Monday, April 03, 2006

Al-Jazeera gets new weapon

If Western governments were already worried about the launch of Al-Jazeera's English-language news channel this summer now they should be really worried.

The Times is reporting a new twist in the international news battle as the Qatar state-owned Arabic news channel, accused by London and Washington of aiding terror, turns to sheep. No one saw that coming.

No, it doesn't have secret film of sheep packed with explosives running through Iraq. Just sheep from Wales.

More precisely a family of opera-singing Welsh sheep, 'The Baaas', which have apparently gone down well with the wife of the Emir of Qatar.

'The Baaas', a Welsh-language children's show on S4C (at least I think it’s for kids) are to appear on Al-Jazeera, which is better known for screening the mutterings of Osama bin Laden and his gang of mountain-living thugs.

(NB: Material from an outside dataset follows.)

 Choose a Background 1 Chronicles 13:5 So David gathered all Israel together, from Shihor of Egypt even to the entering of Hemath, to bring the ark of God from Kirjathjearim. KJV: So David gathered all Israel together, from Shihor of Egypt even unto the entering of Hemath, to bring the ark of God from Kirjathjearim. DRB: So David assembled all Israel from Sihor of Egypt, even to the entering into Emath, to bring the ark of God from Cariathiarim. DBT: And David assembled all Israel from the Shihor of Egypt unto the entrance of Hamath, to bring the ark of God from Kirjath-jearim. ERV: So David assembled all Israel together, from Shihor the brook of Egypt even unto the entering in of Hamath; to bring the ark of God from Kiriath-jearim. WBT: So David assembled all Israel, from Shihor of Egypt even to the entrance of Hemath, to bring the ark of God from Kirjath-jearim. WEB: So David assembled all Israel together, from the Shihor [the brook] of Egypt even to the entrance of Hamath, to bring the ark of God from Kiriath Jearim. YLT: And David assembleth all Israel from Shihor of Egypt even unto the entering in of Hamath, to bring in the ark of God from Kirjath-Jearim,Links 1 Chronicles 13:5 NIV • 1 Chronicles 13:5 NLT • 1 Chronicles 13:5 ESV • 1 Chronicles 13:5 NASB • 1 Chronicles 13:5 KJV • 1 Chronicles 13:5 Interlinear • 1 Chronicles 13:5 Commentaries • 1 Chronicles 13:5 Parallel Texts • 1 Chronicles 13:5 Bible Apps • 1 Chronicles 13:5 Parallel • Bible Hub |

'The Baaas' will form part of Al-Jazeera's children's channel offering. Apparently Al-Jazeera has bought all 52 episodes of 'The Baaas' from S4C.

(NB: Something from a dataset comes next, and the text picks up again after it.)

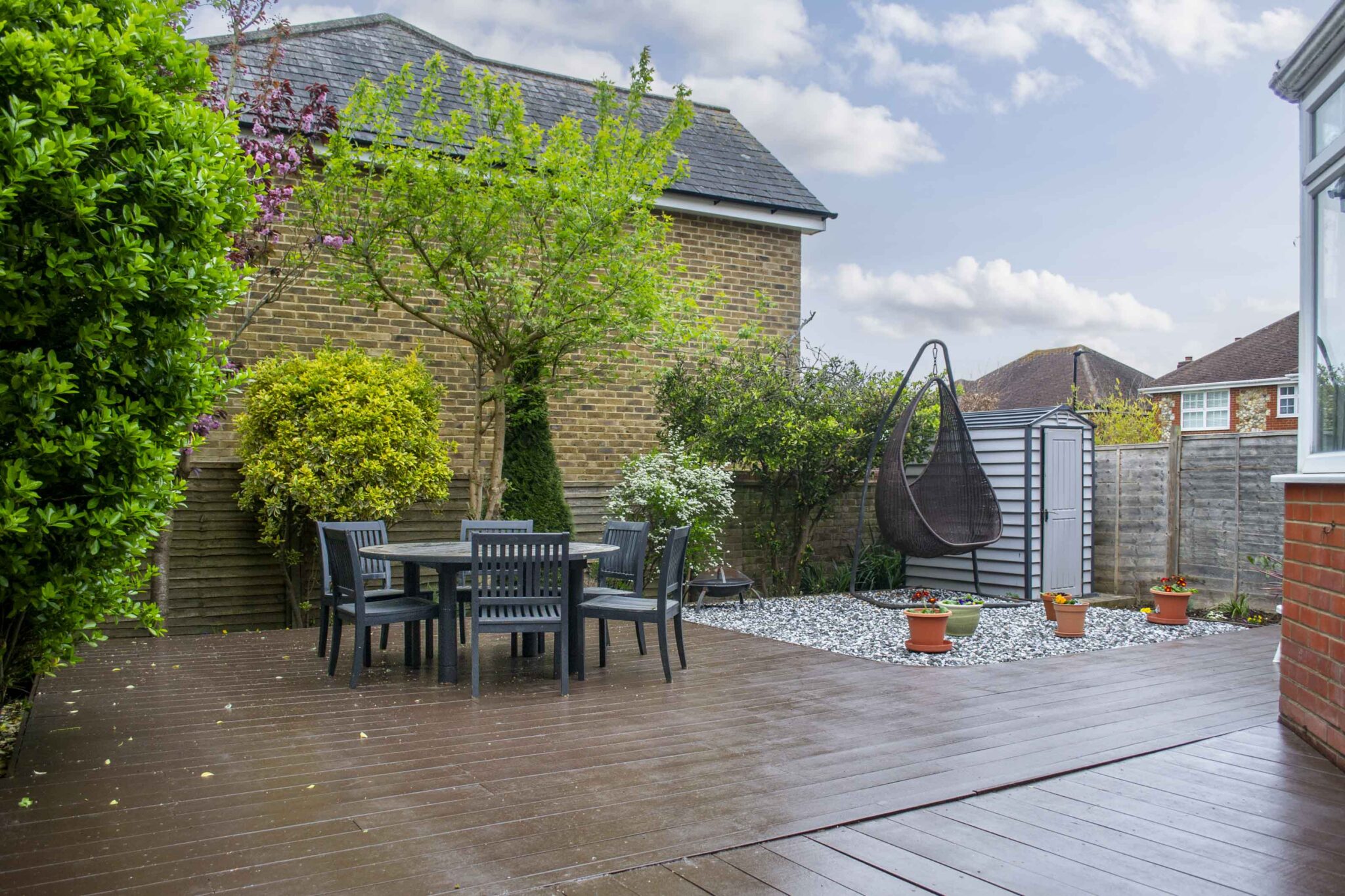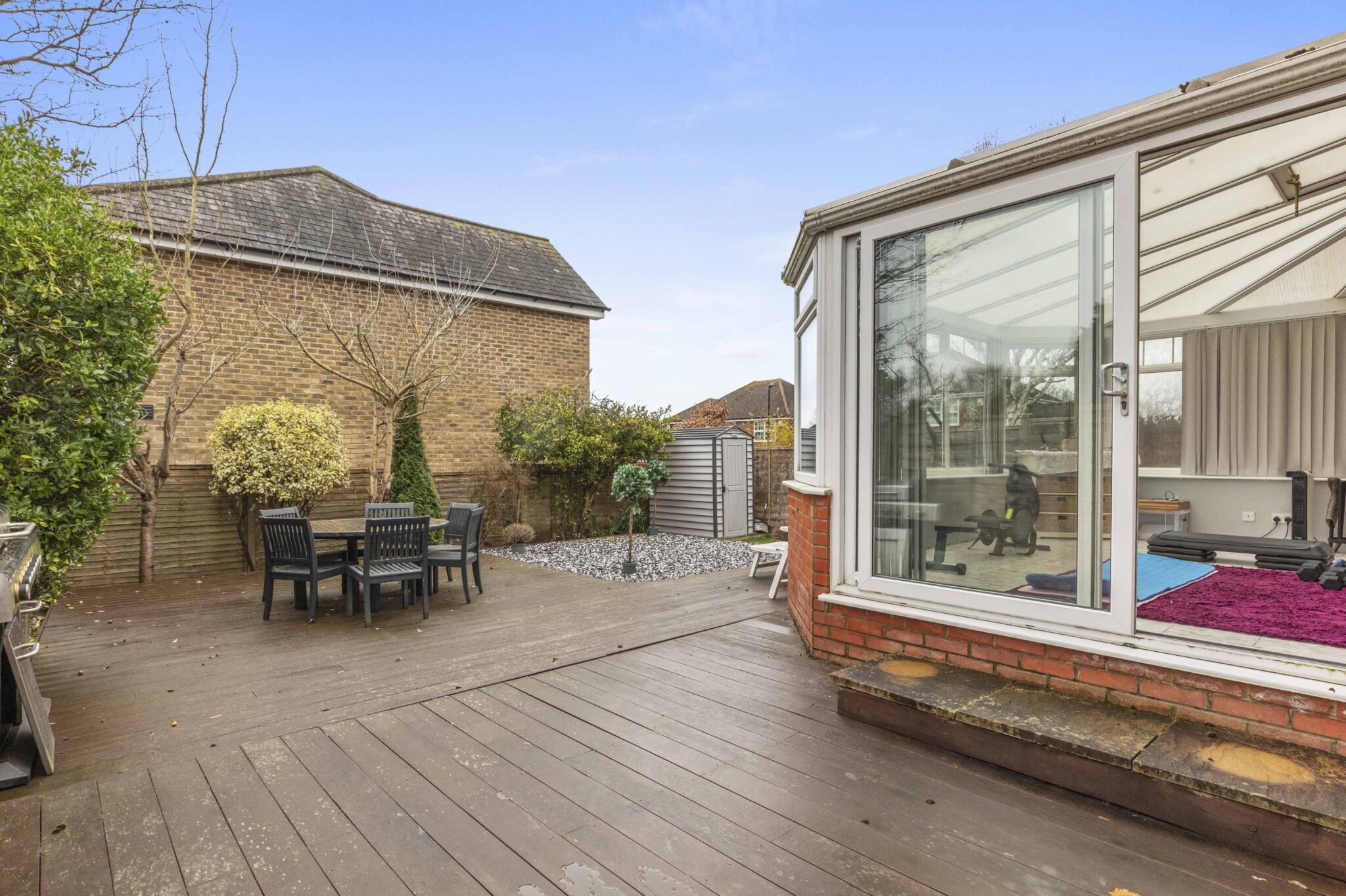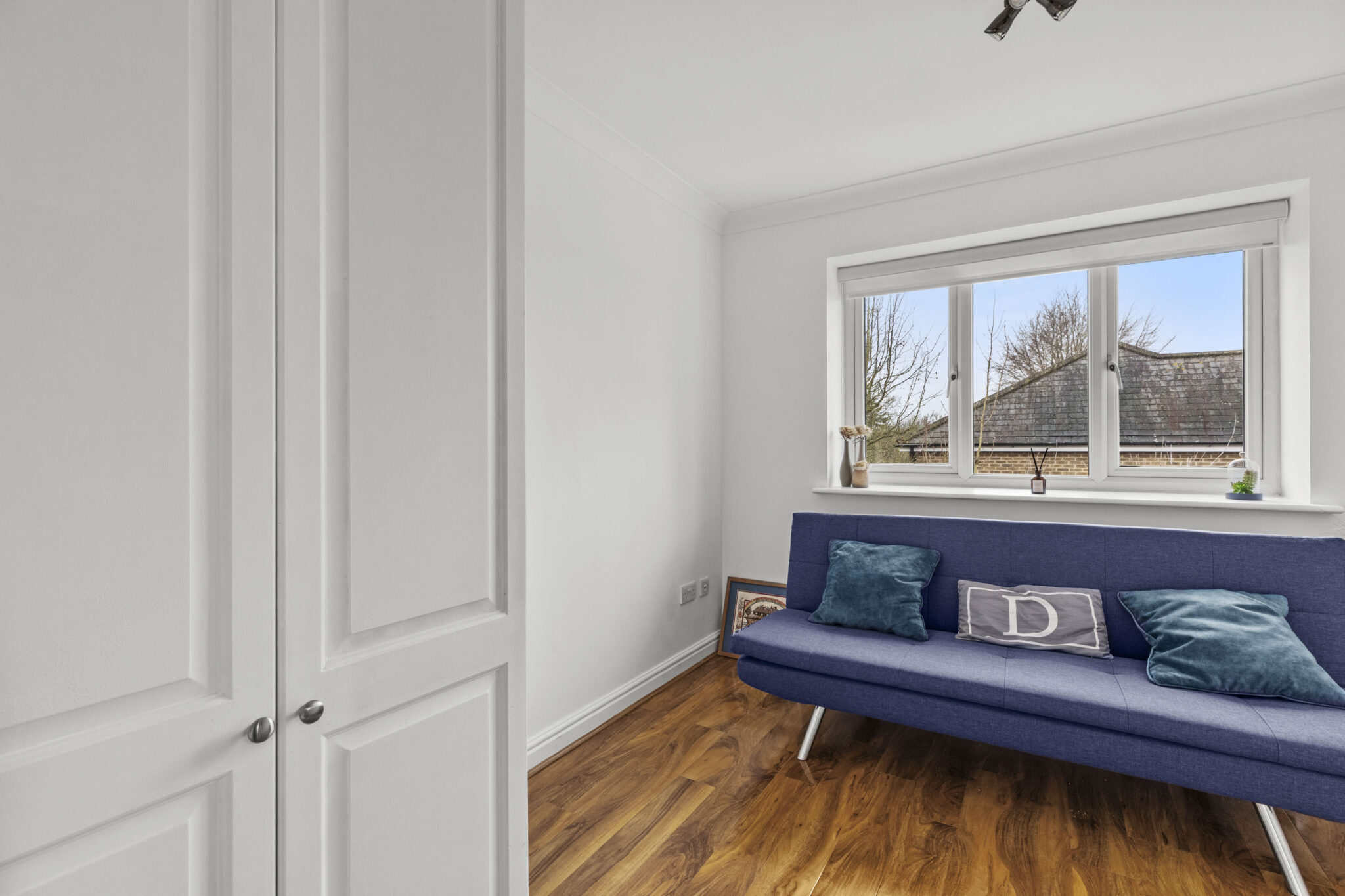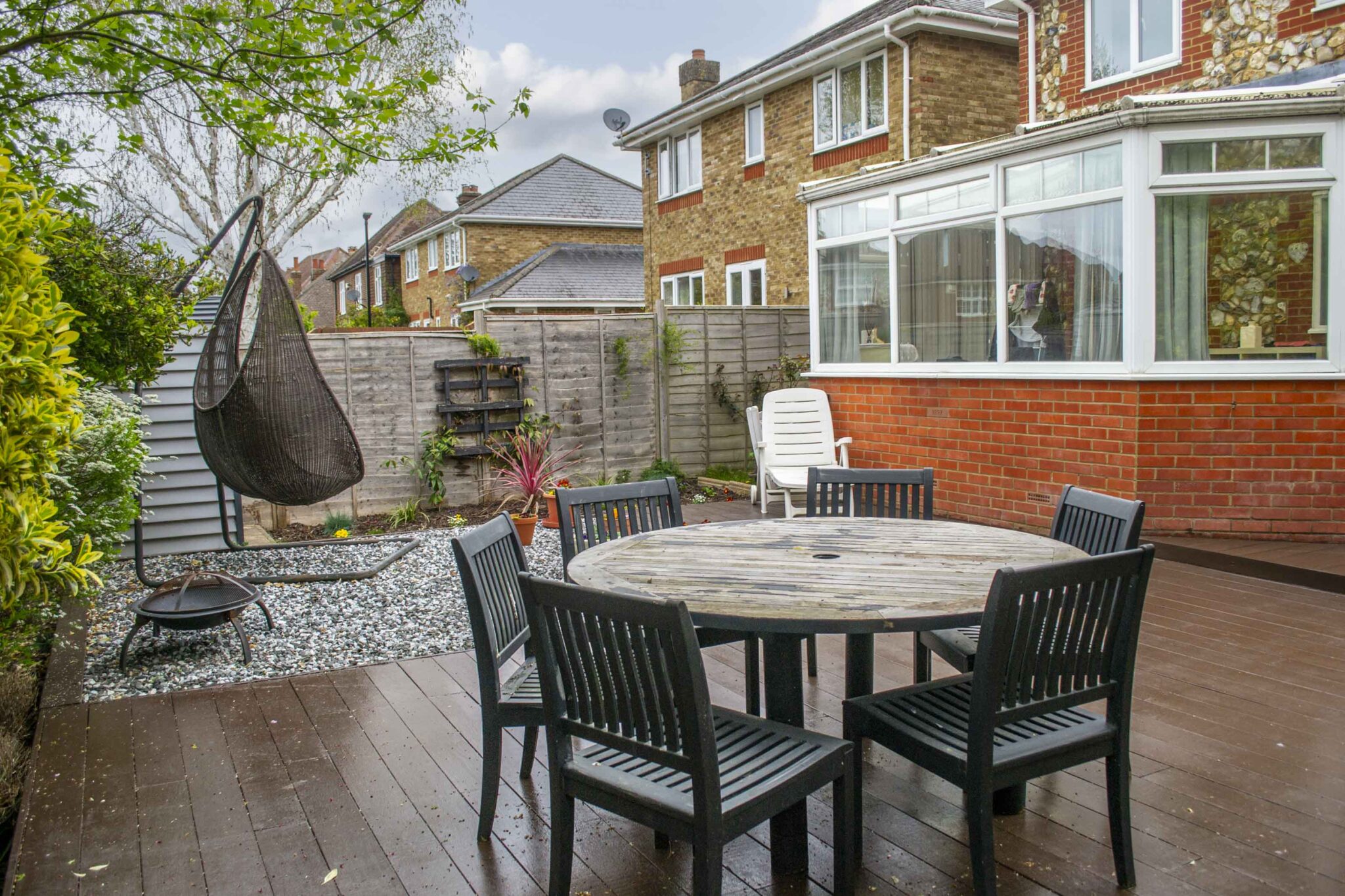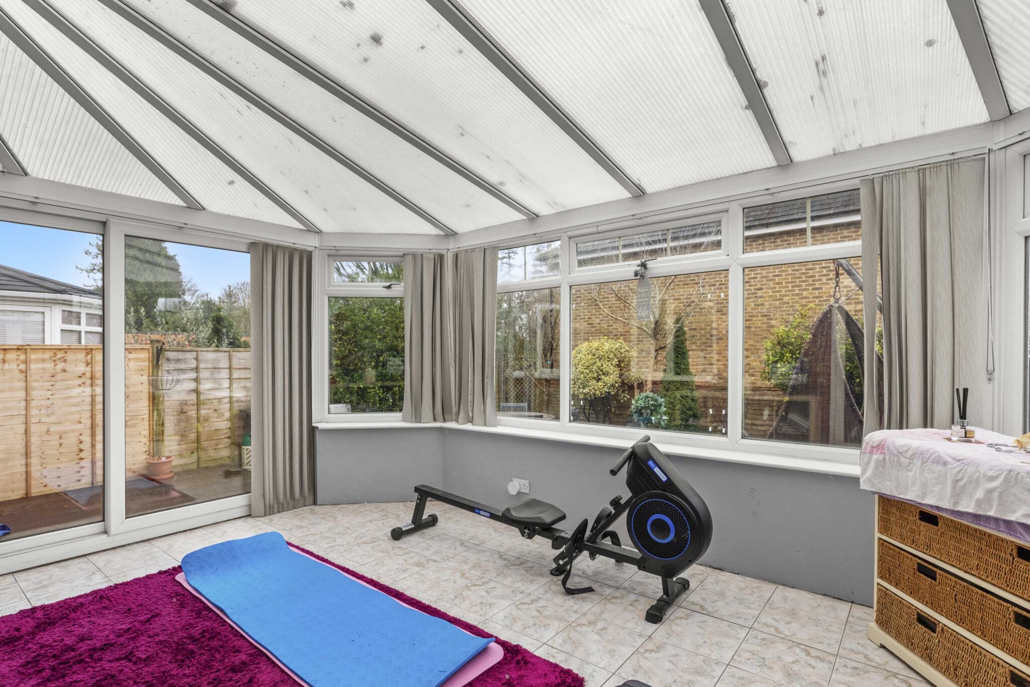 The ground floor offers flexible living space, including an entrance hall, cloakroom, kitchen, sitting room, and dining room. The conservatory opens onto the garden and provides the option to add a solid roof solution, while the former garage has been converted into a den/snug, with potential to fully convert subject to the necessary consents. There is also scope to create a kitchen/dining room, allowing the space to be adapted to suit a variety of lifestyles.

Not only have the scripts been dubbed into Arabic, but they have been cleared after being checked for "anti-Islamic subtexts". Seriously. I guess you can never be too careful with sheep. I'm not sure how you translate down with the international caliphate into baa, but I imagine... wait this joke is so over. Read the full story here.

While we're on it, the New York Daily News has former ABC 'Nightline' presenter David Marash explaining why he is joining the likes of Sir David Frost at Al-Jazeera in the latest septuagenarian news hiring while Mediaguardian.co.uk is reporting that Five presenter Barbara Serra has also joined Arabic TV channel.

1 Comments:

At 10:02 AM, Anonymous Anonymous said...

The same thing happened a few years back with the BBC removing the anti English sentiment from 'Superted' the popular Welsh language cartoon about a teddy bear who rips off his fur to reveal a Superman style outfit. This cartoon, in the original Welsh, contained a series of subtle plot references to burning English cottages, beating them at rugby and broader English imperialistic attitudes.